# TASK
Skip any pictures. Repeat the data exactly, from its first line through the line that holds "welcome to great", both included.

# AVAILABLE DATA
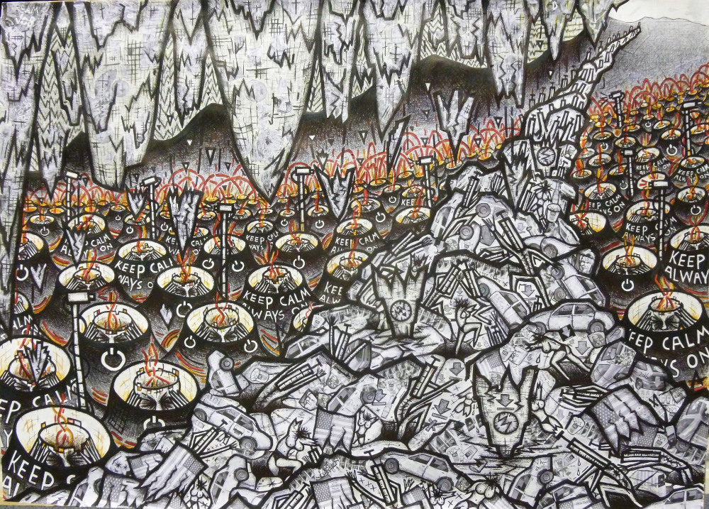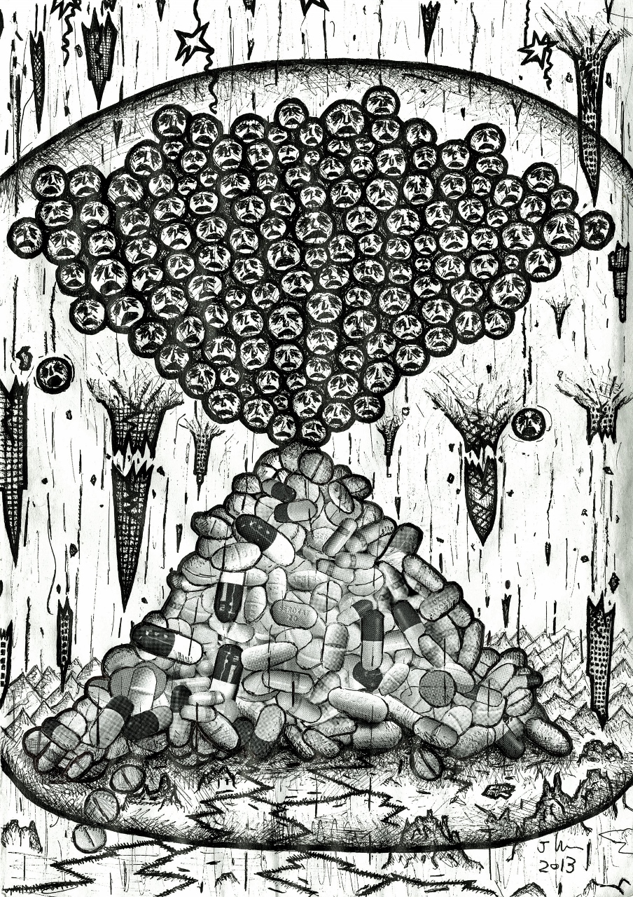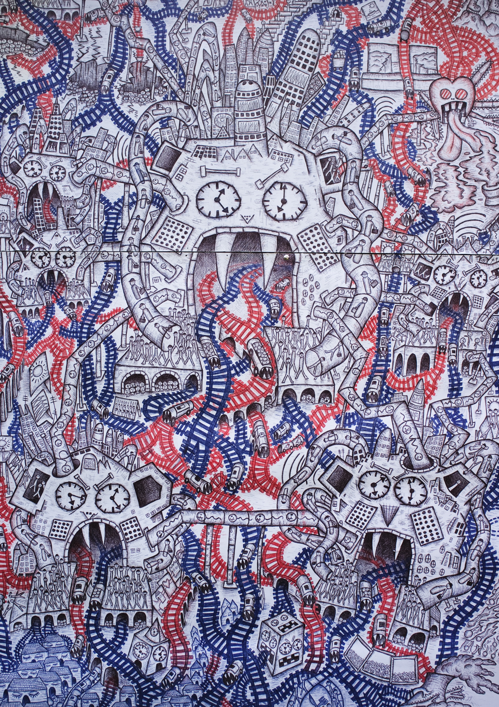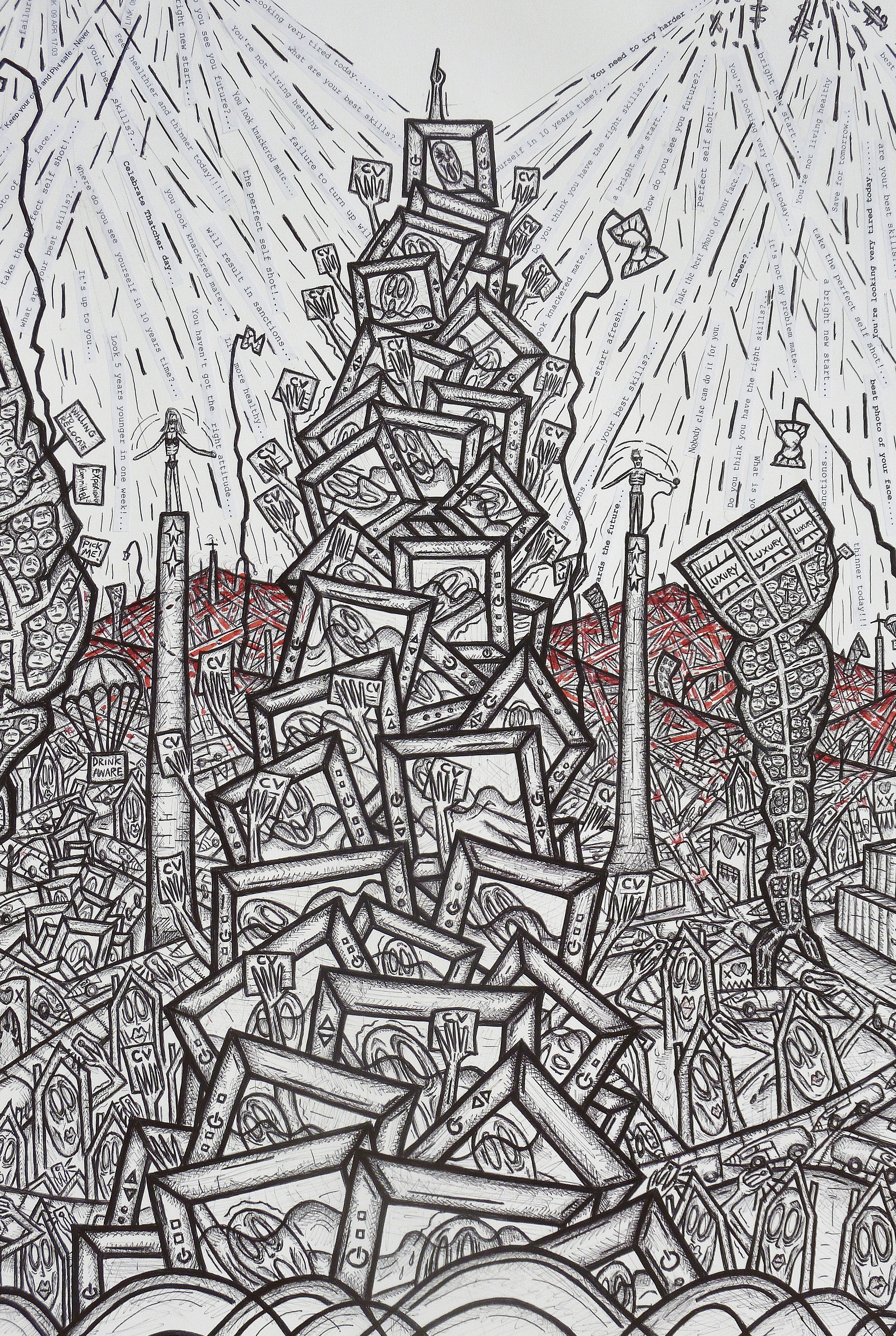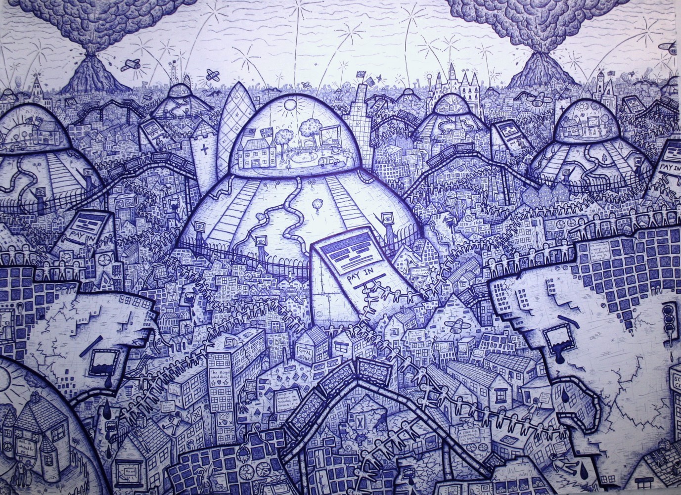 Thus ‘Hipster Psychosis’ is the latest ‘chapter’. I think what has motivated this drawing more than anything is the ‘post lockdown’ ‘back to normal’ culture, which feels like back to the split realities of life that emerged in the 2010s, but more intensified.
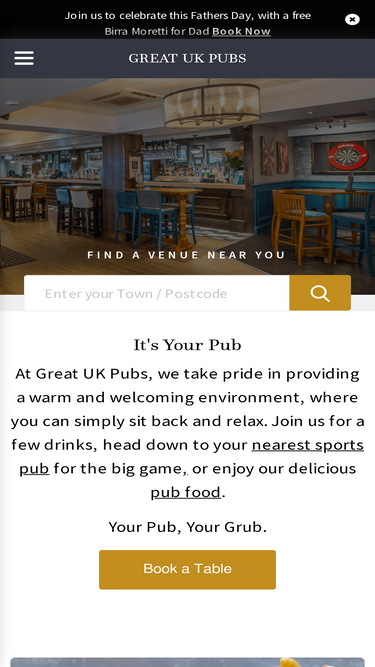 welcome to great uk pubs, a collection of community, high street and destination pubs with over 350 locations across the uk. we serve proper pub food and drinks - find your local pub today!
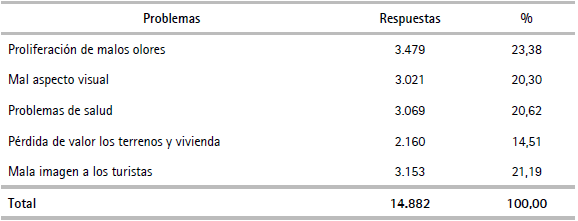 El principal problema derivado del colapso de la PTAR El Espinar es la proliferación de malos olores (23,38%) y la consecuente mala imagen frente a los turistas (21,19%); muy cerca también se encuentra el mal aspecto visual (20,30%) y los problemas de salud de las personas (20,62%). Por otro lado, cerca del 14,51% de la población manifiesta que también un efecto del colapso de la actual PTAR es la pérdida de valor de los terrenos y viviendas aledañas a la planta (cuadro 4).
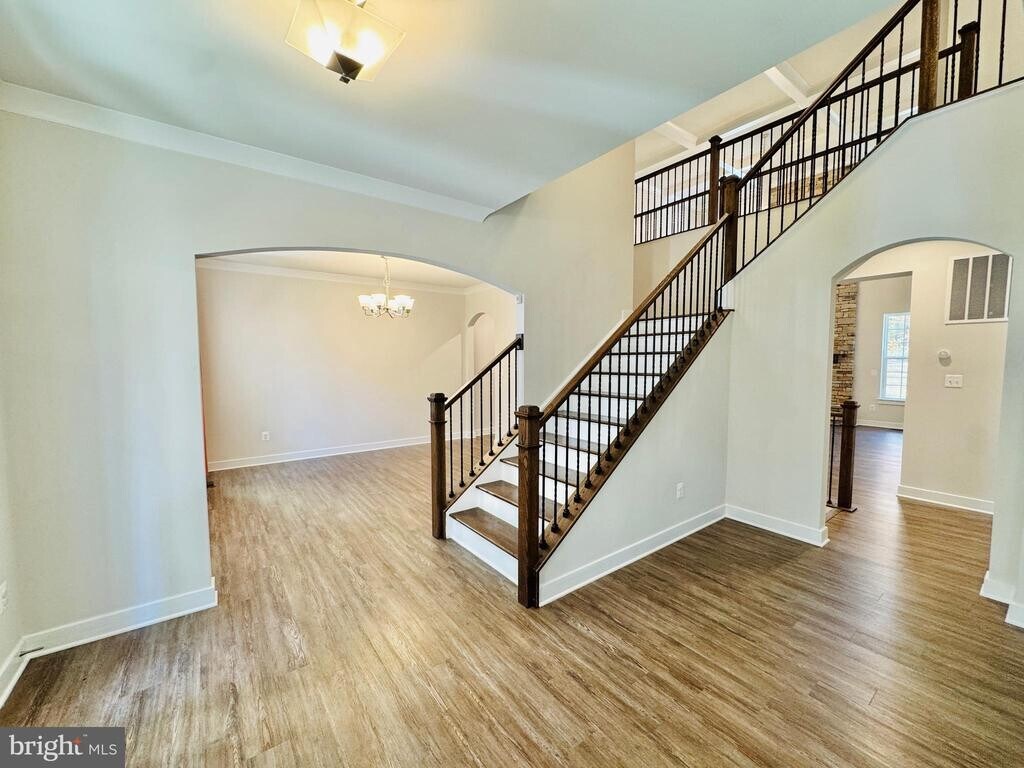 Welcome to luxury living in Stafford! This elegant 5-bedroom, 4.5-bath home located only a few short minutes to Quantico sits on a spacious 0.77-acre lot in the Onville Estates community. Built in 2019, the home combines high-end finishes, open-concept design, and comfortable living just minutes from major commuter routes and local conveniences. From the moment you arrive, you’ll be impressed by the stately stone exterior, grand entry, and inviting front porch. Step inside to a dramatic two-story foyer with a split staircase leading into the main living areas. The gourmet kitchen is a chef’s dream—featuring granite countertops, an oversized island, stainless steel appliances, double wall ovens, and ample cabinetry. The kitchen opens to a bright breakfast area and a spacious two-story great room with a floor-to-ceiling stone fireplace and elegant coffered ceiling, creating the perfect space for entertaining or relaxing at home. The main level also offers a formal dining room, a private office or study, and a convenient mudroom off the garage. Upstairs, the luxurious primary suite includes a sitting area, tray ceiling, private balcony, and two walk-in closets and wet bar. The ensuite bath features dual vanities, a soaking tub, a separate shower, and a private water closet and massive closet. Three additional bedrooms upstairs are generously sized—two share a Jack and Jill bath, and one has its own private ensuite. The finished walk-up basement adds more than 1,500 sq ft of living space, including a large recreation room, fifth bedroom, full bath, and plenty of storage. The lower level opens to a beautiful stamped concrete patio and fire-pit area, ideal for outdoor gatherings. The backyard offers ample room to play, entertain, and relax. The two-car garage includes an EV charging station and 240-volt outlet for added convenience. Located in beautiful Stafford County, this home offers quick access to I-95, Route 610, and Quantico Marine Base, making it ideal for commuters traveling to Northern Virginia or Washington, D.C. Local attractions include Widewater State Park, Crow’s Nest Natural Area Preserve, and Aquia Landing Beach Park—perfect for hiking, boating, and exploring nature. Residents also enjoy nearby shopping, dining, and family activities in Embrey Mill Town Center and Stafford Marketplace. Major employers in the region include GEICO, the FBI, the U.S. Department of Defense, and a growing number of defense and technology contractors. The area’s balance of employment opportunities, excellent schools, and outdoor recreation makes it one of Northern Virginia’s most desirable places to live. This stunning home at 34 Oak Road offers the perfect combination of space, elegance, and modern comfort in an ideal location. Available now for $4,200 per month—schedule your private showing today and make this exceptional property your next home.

# OUTPUT
 Thus ‘Hipster Psychosis’ is the latest ‘chapter’. I think what has motivated this drawing more than anything is the ‘post lockdown’ ‘back to normal’ culture, which feels like back to the split realities of life that emerged in the 2010s, but more intensified.
 welcome to great uk pubs, a collection of community, high street and destination pubs with over 350 locations across the uk. we serve proper pub food and drinks - find your local pub today!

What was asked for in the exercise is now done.